Some problems don't have YAML solutions. You can't follow up with the agent that made a judgment call. You can't track flakiness, enforce org-wide policies, or start from community checks instead of writing every one from scratch. The system that prevents spaghetti becomes its own spaghetti factory.
As your factory produces more code faster, the reliability of the checking system becomes load-bearing infrastructure. A quality control system that gates every PR across your org is not a side project. It's infrastructure you'll be on call for. You don't build your own CI for the same reason: not because you can't, but because reliability is the product, and you'd rather it be someone's entire job.
Adding Mission Control
Or you skip the previous section.
Same markdown files in .continue/checks/. Full agent execution on every PR. Native GitHub status checks. No YAML. No dashboard to build. It presents as simple because the thorny problems (non-determinism, verdict parsing, concurrent execution, credential isolation, loop detection) are solved underneath.

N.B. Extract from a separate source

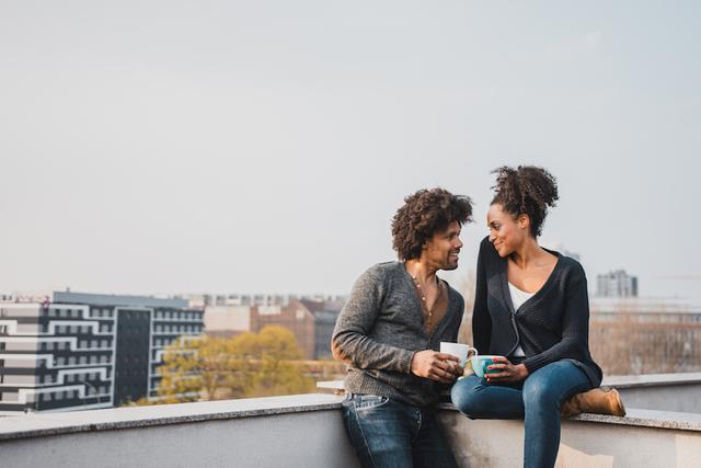 Gettyimages.com/African American couple talking on the rooftop and drinking coffee

You don't know what you don't know until month three.
On month one, a check fails and you reject it with feedback. "Line 42 is intentional, don't flag that pattern." The feedback refines the check. The check gets better because you used it.
On month two, intervention rate metrics show which checks humans override, where false positives cluster. That data drives check evolution instead of fossilization. You start from community checks, beginning at someone else's iteration 15.
On month three, you realize PR-open was just the first trigger. You want scans that sweep the whole codebase when a new standard is introduced. Flags that route attention to sensitive changes (auth, migrations, billing) without blocking. Checks on PR merge, not just PR open. Triggers from Sentry alerts and Snyk findings. In Mission Control, these are agents you can set up. In YAML, each one is another workflow to maintain.
The Factory Must Grow
We went on this journey ourselves. Then we started reading about the Toyota Production System and realized the wheel was invented decades ago. Jidoka: automation with a human touch. Kaizen: continuous improvement. Andon: the alert cord that stops the line. A check that catches a corrupted dashboard is an andon cord. A check that evolves from the last 20 PRs is kaizen. The whole system (standards encoded by humans, enforced by AI, decided by humans) is jidoka.
The progression we see with every team: they start with one check for their most painful standard. They see it catch something real. They write three more. Within weeks, .continue/checks/ becomes the encoding of their engineering taste.
The Factorio review ended with a cyborg overseeing a dead planet. Software factories don't have to end that way. The factory must grow, yes. It grows better when you check on it.